TechTarget falls foul of Kenealy's disapproval because, he claims, it is gathering registration data from users in return for providing links to third-party sites including IDG. He says that's unfair unless those sites share that registration data with IDG. CNET falls foul of a separate rule: by tracking clickthroughs on links to external sites, CNET is gathering information about user interests that it could sell on to advertisers. Kenealy believes IDG is entitled to share of those revenues. A third category is sites that charge subscription fees for providing a selection of links to other sites. Extending this principle, Kenealy also feels it's wrong for sites that carry advertising to link to IDG sites. In both cases, Kenealy believes IDG is entitled to a cut of those revenues. Here's how Kenealy summarized his stance for VNU title Technology Marketing in a short item entitled Quick Question last year:

"IDG has become concerned by 'deep linking for profit,' where money-making entities use our content to sell advertising, sell sales leads or build direct marketing lists. Here's our version 1.0 policy: Outsiders who use our content to gather registration data must share that data with us. Outsiders who use our content to sell advertising must share revenues with us. Outsiders who use interaction with our content to create sales leads for sale to third parties must share revenues with us. Outsiders who use our content must respect our privacy policies."

However justified this stance may be (and I have my doubts; see below), it seems counter-productive to me, since I clicked on a link that I was grateful to CNET for providing when I would've expected it not to link to a competitor. This only exacerbated the annoyance that I felt when I discovered that IDG had blocked my access to the information I wanted to view. The net effect is a dent to the esteem in which I have always held IDG's brand.

But the damage runs deeper than that, because my site links to InfoWorld items too (in particular the indispensable Jon Udell, whose article IT Myth 6: IT doesn't scale was the target of the link from the CNET article on Friendster).

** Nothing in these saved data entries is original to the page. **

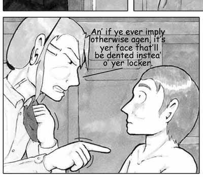 Author's Note: Yay, fun with accents! It's really unbelieveable how much research is needed to convey an accent well -- you'd think it would just be a question of spelling changes and such, but there's also diction, pacing, and a host of other things to factor in. That and making sure that the final product is still readable when you're done...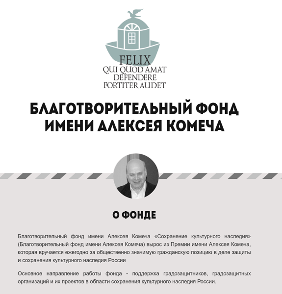 Основное направление работы фонда - поддержка градозащитников, градозащитных организаций и их проектов в области сохранения культурного наследия России. Например хнаменитый на всю Россию "Том Сойер фест".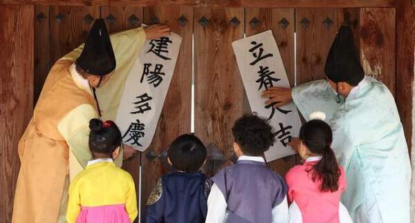 1日下午,在韩国庆尚南道咸阳郡的一家书院,院长李昌九向学生展示汉字春联“立春大吉,建阳多庆”;2日上午,大邱一家乡校的书法家计划用毛笔写多幅立春帖,并向市民免费发放。

And yet Loosely Coupled collects subscribers, offers paid content, and carries advertising. I now discover that we have been in breach of InfoWorld's Terms and Conditions of Use which, in common with all IDG sites, stipulate that:

"You may not link to our site if you sell ads on your site or you charge a subscription fee to use or access your site. No deep linking directly to articles is permitted if you sell ads on your site or you charge a subscription fee to use or access your site."

I am surprised that this policy has not elicited more comment from the blogosphere, many of whom carry ads these days courtesy of Google Adsense and yet often also link to IDG content; perhaps no one takes it seriously. Anil Dash mentioned it last year when Kenealy first promulgated the policy, but apart from that I can find no significant references when I search Google for Kenealy "deep linking" (Google, by the way, sells advertising on pages that link to IDG content; I wonder how much Google pays for this 'privilege').

Now that I have discovered it, I am starting to regret the several thousand visitors that Loosely Coupled has sent to InfoWorld articles in the past year. It turns out all those links were in breach of InfoWorld's terms and conditions. We shall think twice about linking to IDG titles in the future, even though some of the best writing about the topics we follow can be found on InfoWorld's pages. But if IDG decided to start barring links from us, we would end up having to rename ourselves Brokenly Coupled and their title might just as well be called InfoWalled. This would not be in the best interests of either of our readerships.

UPDATE [Added September 8]: There have been several comments on this item, including one from CNET's John Roberts, who mentions its recently launched Extra service, which is the kind of service IDG couldn't possibly offer without going against the spirit (although not the letter) of its own terms and conditions.